Normally people here in the village are not embalmed.  It isn’t traditional, it’s too expensive (they are desperately poor) and burial must be done quickly because the body decomposes rapidly in the tropics.  But to honour her wishes and accommodate my coming the family agreed to have her embalmed. We gladly paid for it since it was done to accommodate me.  

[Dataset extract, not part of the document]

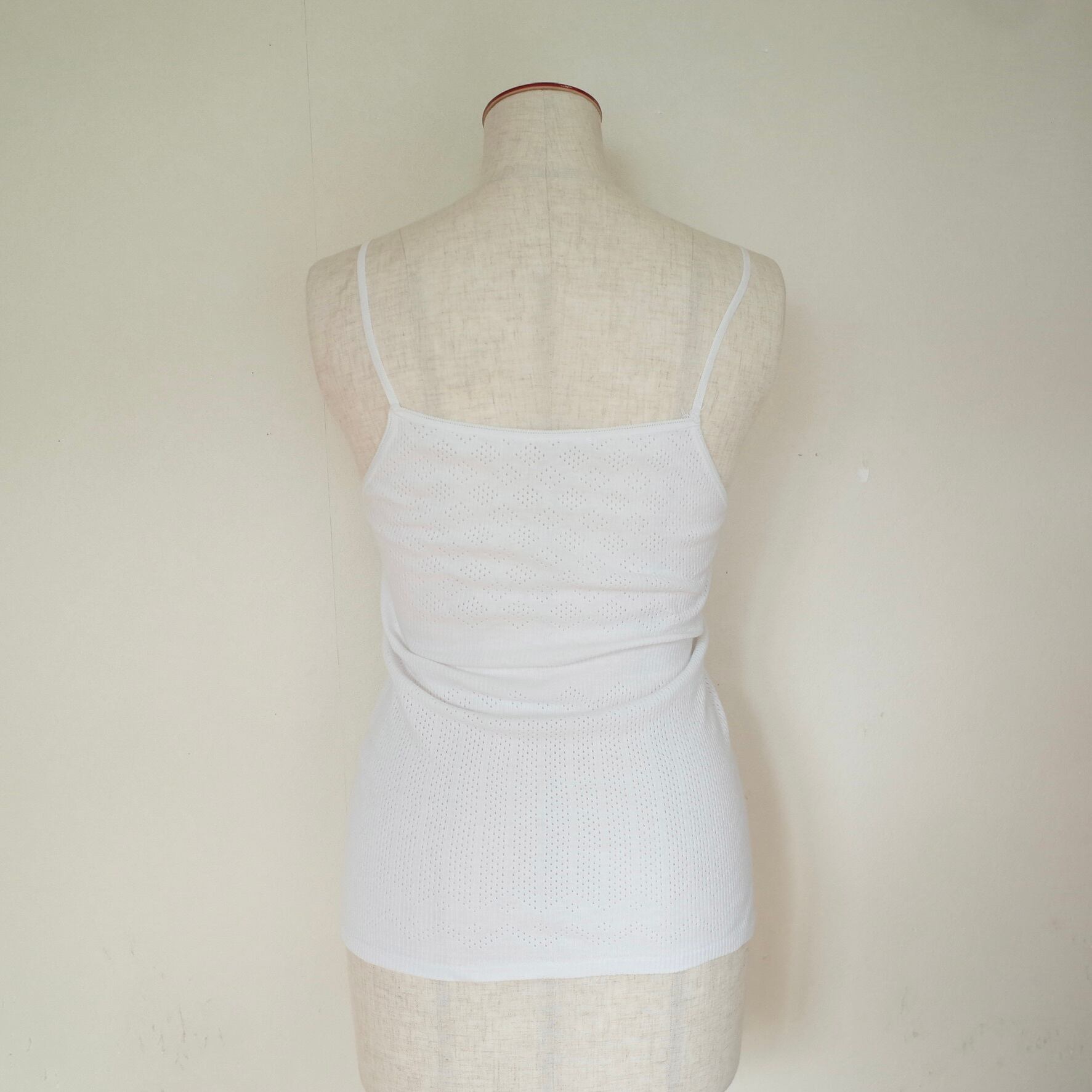 フランス製ピュアコットン素材のキャミソール。薄手で柔らかく、肌触りの良い素材感。伸縮性のあるリブ編みで体に優しくフィットするデザインです。インナーとしてはもちろん、雰囲気が良いのでシャツを羽織っても◎

The funeral was held this past Friday.  Funerals are held outdoors at the home of the deceased - who was laid out under a small canopy in from of her house.  The hole is dug near the coffin and she is buried next to her house.  A woman is dressed in a white wedding gown made especially for the occasion, complete with veil.  Lorna never had a wedding dress in her lifetime.  It was an amazing fair - absolutely spectacular.  Much dancing - native style - and singing and many testimonies.  (The MC admonishes the testifiers before hand to keep the remarks short, but he is mostly ignored - even when he politely interrupts.)  Folks from her family, from the community and from the church take the microphone and talk.  They are not microphone shy at all.  Many, many folks paid tribute to Lorna.  She was well known for her generosity.  A poor destitute woman, but always giving something to people.  Consistently and joyfully.  In church, during offering - which is done to music and the people come down front to give it - she would dance down the aisle with her few coins.  When it was time for a special offering or fundraising, there she would be - dancing ever so slowly, but surely, down the aisle to give her coins.  You may remember that she gave us a chicken once (we named it Lorna) and it produced many peeps. (We just couldn't eat it - which is what was really expected.)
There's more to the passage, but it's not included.